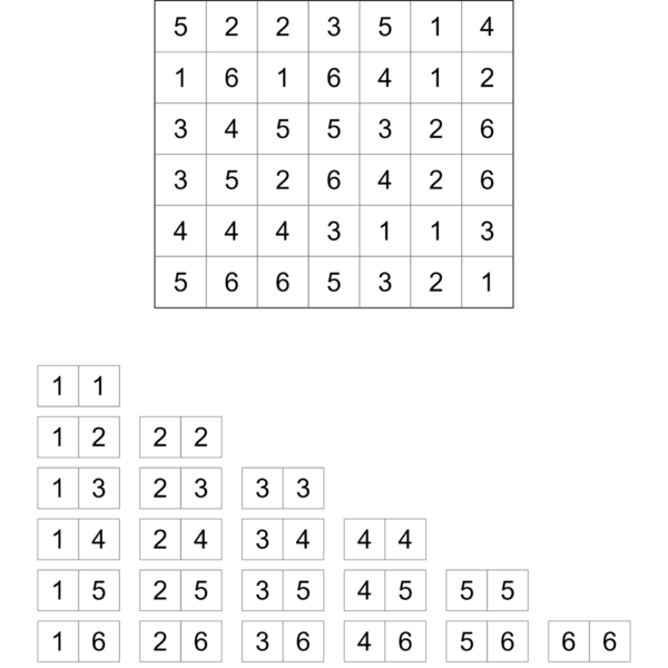 Find the hidden dominoes — or design them — using numbers, letters, colors, or even images.
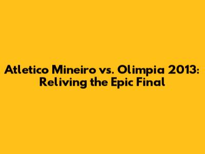 Hey guys! Let's rewind the clocks and dive deep into one of the most unforgettable clashes in Copa Libertadores history: the 2013 final between Atlético Mineiro and Olimpia. This wasn't just a game; it was a saga, a rollercoaster of emotions, and a testament to the beautiful, unpredictable nature of football. This article will break down the entire event, from the initial setup to the ultimate heart-stopping conclusion, giving you the lowdown on the key players, the critical moments, and the sheer drama that unfolded. Ready to relive the magic? Let's go!
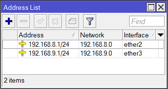 | /ip address add interface=ether2 address=192.168.8.1/24 /ip address add interface=ether3 address=192.168.9.1/24 |
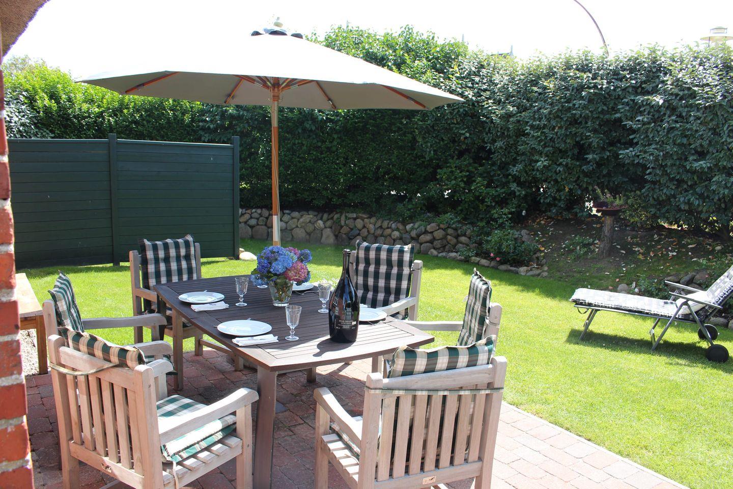 Ein besonderes Highlight des Belle Hues ist der großzügige Garten mit sonniger Südwest-Terrasse, Gartenmöbeln und eigenem Strandkorb. Hier können Sie den Tag bei frischer Nordseeluft beginnen, nach einem Strandspaziergang entspannen oder den Abend in ruhiger Atmosphäre ausklingen lassen. Die grüne Umgebung und die Nähe zum Südwäldchen schaffen eine angenehm ruhige Wohnlage, während das Zentrum von Westerland mit Restaurants, Cafés, Einkaufsmöglichkeiten und Promenade bequem erreichbar ist.
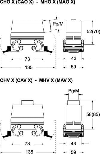 Ilme - Capot haut profil 2 leviers sortie latérale PG29 sans joint - gabarit 57.27 - CAV10X29
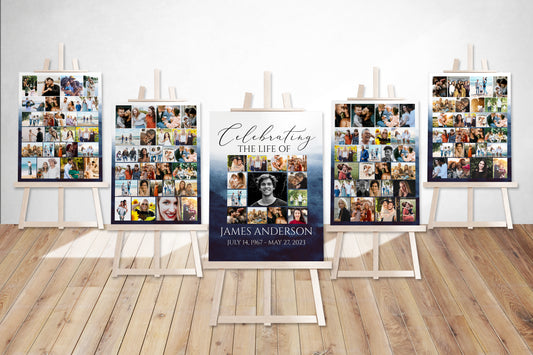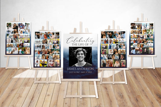 Celebration Of Life Blue Ocean Watercolor 5 Photo Collage Funeral Welcome Sign Set Template B5
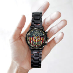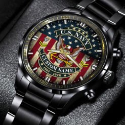 Make your Black Stainless Steel Watch a reflection of your personal journey by including custom details like your name, rank, and years of service. This personalized feature not only adds a touch of elegance but also serves as a timeless tribute to your dedicated service to our country.
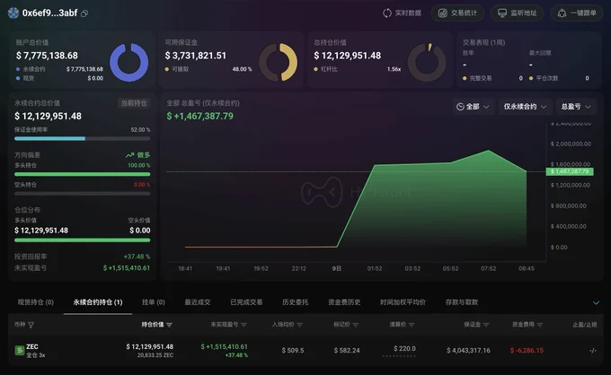 他昨晚以 $4,036 的价格追涨进场 ETH,现在...又挂山顶上了,已经浮亏 $140 万。
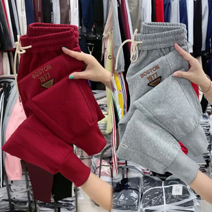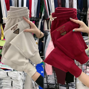 高腰显瘦运动裤 加绒加厚休闲卫裤 宽松纯棉束脚哈伦裤 新款 子 女冬季
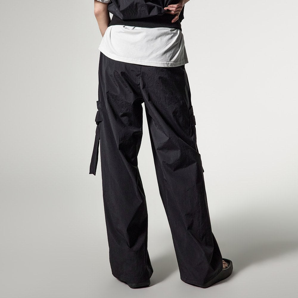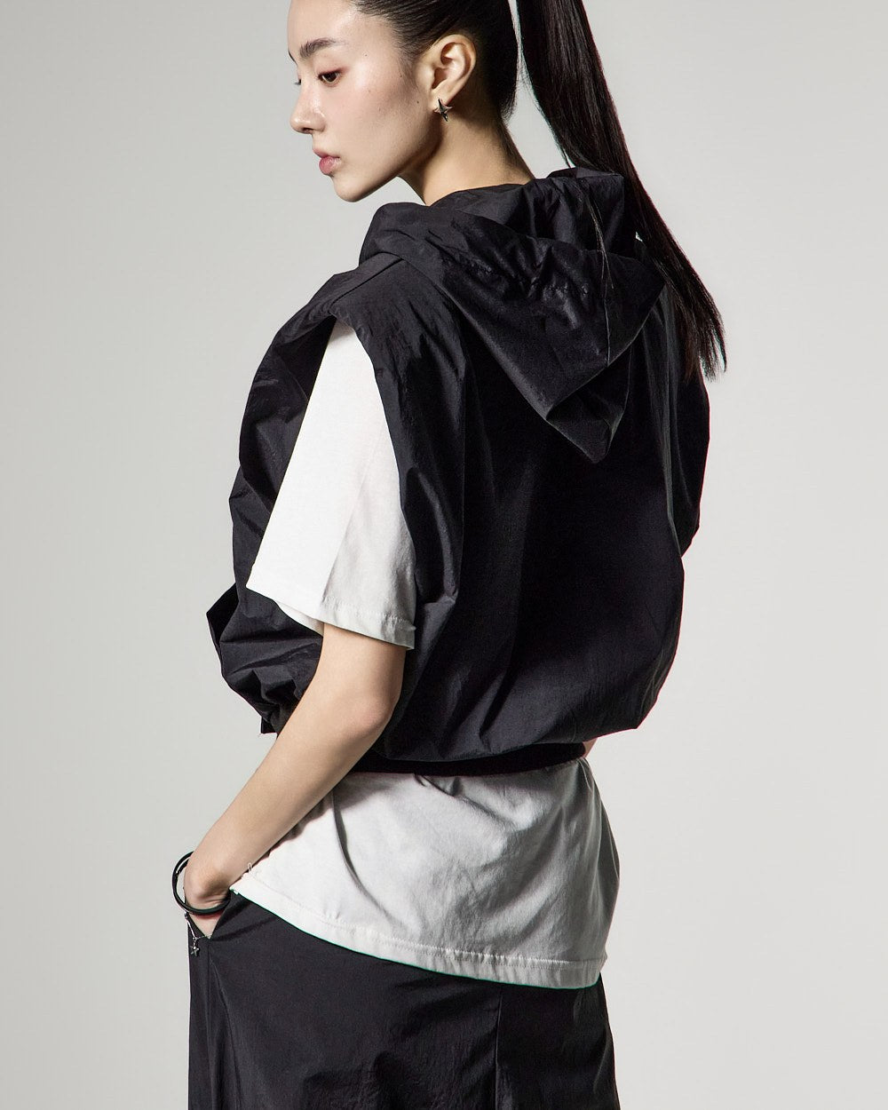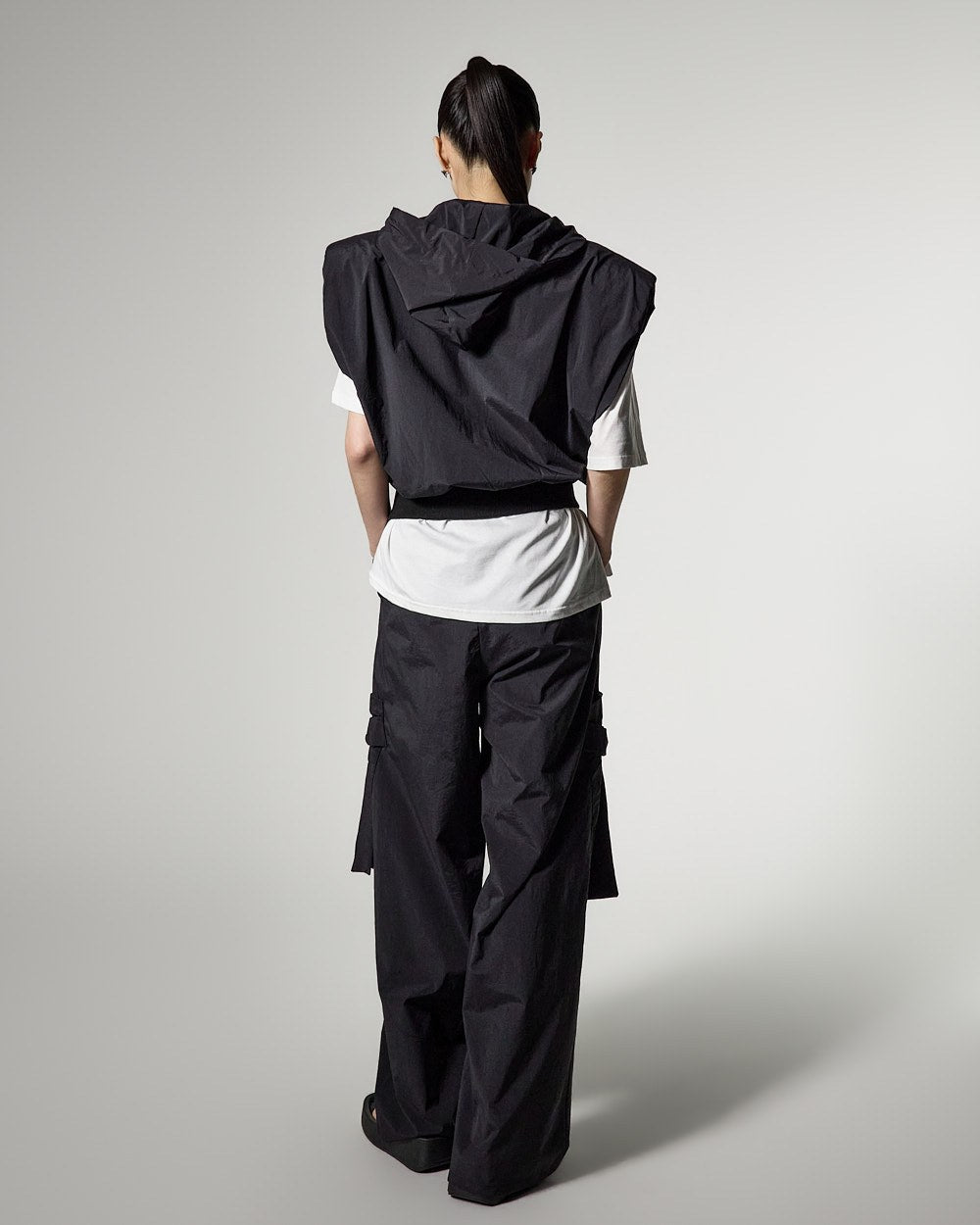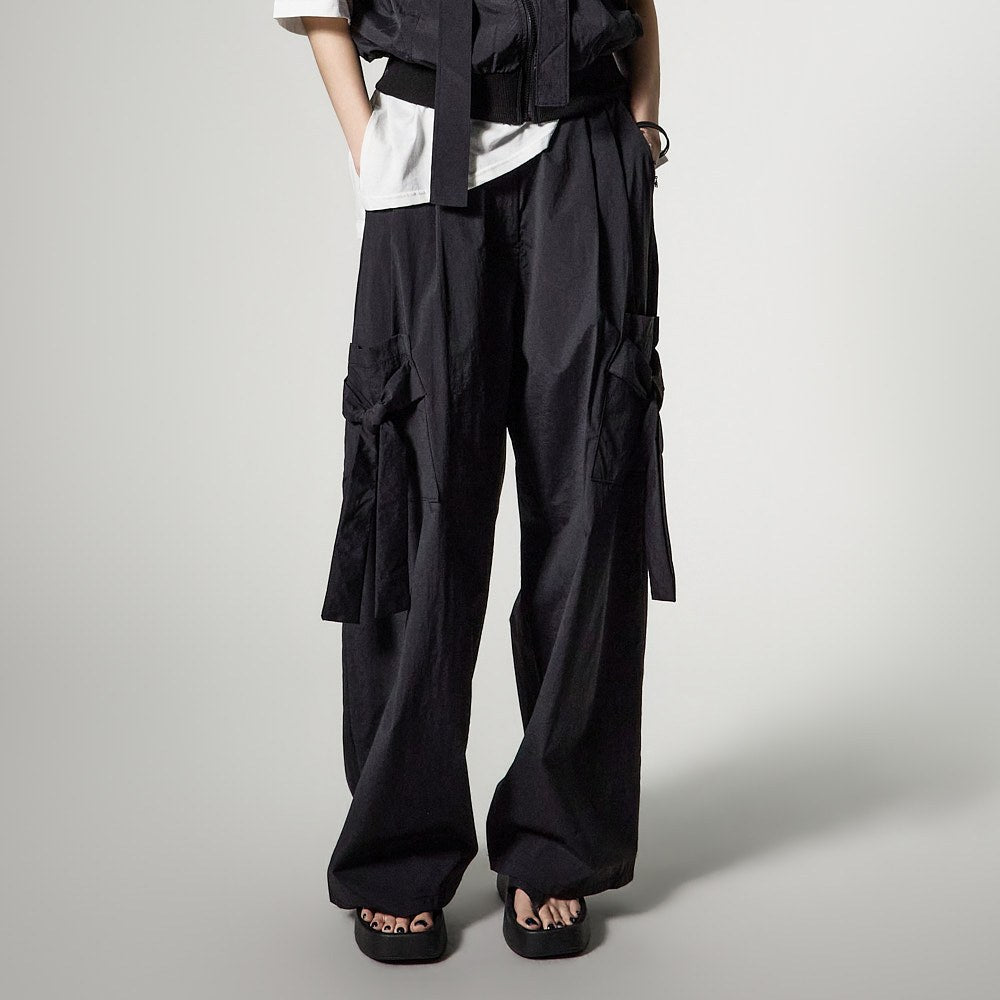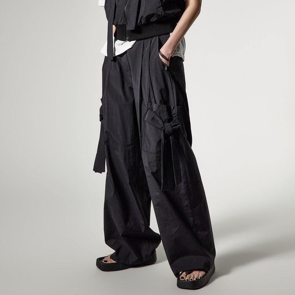 The button closure ensures a secure fit, and the addition of side pockets and ribbon details completes a stylish yet unique look. When worn as a set, it creates a polished sporty look,
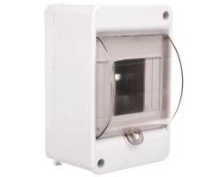 Obudowa natynkowa pod aparature modułową, z miejscem na cztery moduły (1x4S) oraz możliwością umieszczenia dwóch plomb po przekątnych rogach obudowy, wykonana z tworzywa ABS charakteryzującego się wysoką odpornością mechaniczną, w kolorze białym, ze stopniem ochrony IP40 i z samoblokującą się klapką otwieraną do góry, przystosowaną do plombowania w kolorze transparentnym - dymnym, z zaciskami N+PE. Obudowa jest testowana i certyfikowana zgodnie z normą PN-EN 62208:2011.
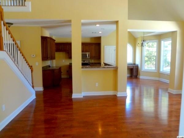 A gorgeous 4 bedroom 2.5 bath home in Waterford Plantation in the desirable Carolina Forest area. This home has a formal foyer, living room and dining room. The great room has vaulted ceilings and is perfect for casual gatherings. The kitchen has solid surface counters, plenty of cabinets, brand new stainless steel range, microwave hood, and dishwasher. There is also a breakfast bar and breakfast nook for casual eating. The master bedroom is on the first floor and has a walk in closet, the master bath has a garden tub and a separate shower. There are 2 bedrooms, a bathroom and a bonus room that can be the fourth bedroom. Enjoy the screen porch over looking the fabulous in-ground swimming pool. There is plenty of room for a barbecue and table and chairs to have parties and family gettogethers. This home has been freshly painted, new carpet and new fixtures. The home is close to fantastic shopping at Tanger Outlets or Coastal Grand Mall, amazing restaurants, exceptional schools, first rate medical care, golf for all handicaps and ages, Coastal Carolina University, Horry Georgetown Technical College and of course our magnificent beaches.
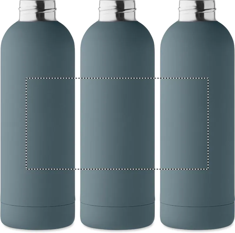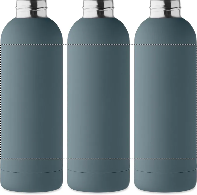 Duplafalú termoszpalack újrahasznosított rozsdamentes acélból (90% újrahasznosított rozsdamentes acél és 10% rozsdamentes acél), gumírozott felülettel és szilikon fogantyúval. Szivárgásmentes. Űrtartalom: 500 ml.
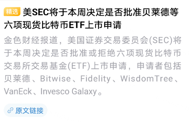 本周最大的事件,无异于sec对于BTC的ETF之批复,批准涨,拒绝跌,这没啥可说的,我只说我的做法:现价吃进,如果批准了,肯定会涨上去,我跟着吃肉。拒绝了的话,套住我而已,我持币装死,用时间来解套。总之,加密牛市里,我不会放过每一个机会。
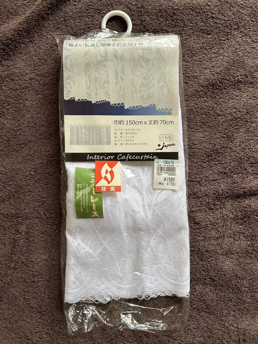 カフェカーテン シンプルなリーフ柄 程よい目隠し効果と防炎加工付 巾約150センチ×丈約70センチ

◆ **WHAT IS BEING ASKED**: A faithful, word-for-word copy of the records above, pictures left out, is the answer.

◆ **RESULT OF THE TASK**:
 Find the hidden dominoes — or design them — using numbers, letters, colors, or even images.
 Hey guys! Let's rewind the clocks and dive deep into one of the most unforgettable clashes in Copa Libertadores history: the 2013 final between Atlético Mineiro and Olimpia. This wasn't just a game; it was a saga, a rollercoaster of emotions, and a testament to the beautiful, unpredictable nature of football. This article will break down the entire event, from the initial setup to the ultimate heart-stopping conclusion, giving you the lowdown on the key players, the critical moments, and the sheer drama that unfolded. Ready to relive the magic? Let's go!
 | /ip address add interface=ether2 address=192.168.8.1/24 /ip address add interface=ether3 address=192.168.9.1/24 |
 Ein besonderes Highlight des Belle Hues ist der großzügige Garten mit sonniger Südwest-Terrasse, Gartenmöbeln und eigenem Strandkorb. Hier können Sie den Tag bei frischer Nordseeluft beginnen, nach einem Strandspaziergang entspannen oder den Abend in ruhiger Atmosphäre ausklingen lassen. Die grüne Umgebung und die Nähe zum Südwäldchen schaffen eine angenehm ruhige Wohnlage, während das Zentrum von Westerland mit Restaurants, Cafés, Einkaufsmöglichkeiten und Promenade bequem erreichbar ist.
 Ilme - Capot haut profil 2 leviers sortie latérale PG29 sans joint - gabarit 57.27 - CAV10X29
 Celebration Of Life Blue Ocean Watercolor 5 Photo Collage Funeral Welcome Sign Set Template B5
 Make your Black Stainless Steel Watch a reflection of your personal journey by including custom details like your name, rank, and years of service. This personalized feature not only adds a touch of elegance but also serves as a timeless tribute to your dedicated service to our country.
 他昨晚以 $4,036 的价格追涨进场 ETH,现在...又挂山顶上了,已经浮亏 $140 万。
 高腰显瘦运动裤 加绒加厚休闲卫裤 宽松纯棉束脚哈伦裤 新款 子 女冬季
 The button closure ensures a secure fit, and the addition of side pockets and ribbon details completes a stylish yet unique look. When worn as a set, it creates a polished sporty look,
 Obudowa natynkowa pod aparature modułową, z miejscem na cztery moduły (1x4S) oraz możliwością umieszczenia dwóch plomb po przekątnych rogach obudowy, wykonana z tworzywa ABS charakteryzującego się wysoką odpornością mechaniczną, w kolorze białym, ze stopniem ochrony IP40 i z samoblokującą się klapką otwieraną do góry, przystosowaną do plombowania w kolorze transparentnym - dymnym, z zaciskami N+PE. Obudowa jest testowana i certyfikowana zgodnie z normą PN-EN 62208:2011.
 A gorgeous 4 bedroom 2.5 bath home in Waterford Plantation in the desirable Carolina Forest area. This home has a formal foyer, living room and dining room. The great room has vaulted ceilings and is perfect for casual gatherings. The kitchen has solid surface counters, plenty of cabinets, brand new stainless steel range, microwave hood, and dishwasher. There is also a breakfast bar and breakfast nook for casual eating. The master bedroom is on the first floor and has a walk in closet, the master bath has a garden tub and a separate shower. There are 2 bedrooms, a bathroom and a bonus room that can be the fourth bedroom. Enjoy the screen porch over looking the fabulous in-ground swimming pool. There is plenty of room for a barbecue and table and chairs to have parties and family gettogethers. This home has been freshly painted, new carpet and new fixtures. The home is close to fantastic shopping at Tanger Outlets or Coastal Grand Mall, amazing restaurants, exceptional schools, first rate medical care, golf for all handicaps and ages, Coastal Carolina University, Horry Georgetown Technical College and of course our magnificent beaches.
 Duplafalú termoszpalack újrahasznosított rozsdamentes acélból (90% újrahasznosított rozsdamentes acél és 10% rozsdamentes acél), gumírozott felülettel és szilikon fogantyúval. Szivárgásmentes. Űrtartalom: 500 ml.
 本周最大的事件,无异于sec对于BTC的ETF之批复,批准涨,拒绝跌,这没啥可说的,我只说我的做法:现价吃进,如果批准了,肯定会涨上去,我跟着吃肉。拒绝了的话,套住我而已,我持币装死,用时间来解套。总之,加密牛市里,我不会放过每一个机会。
 カフェカーテン シンプルなリーフ柄 程よい目隠し効果と防炎加工付 巾約150センチ×丈約70センチ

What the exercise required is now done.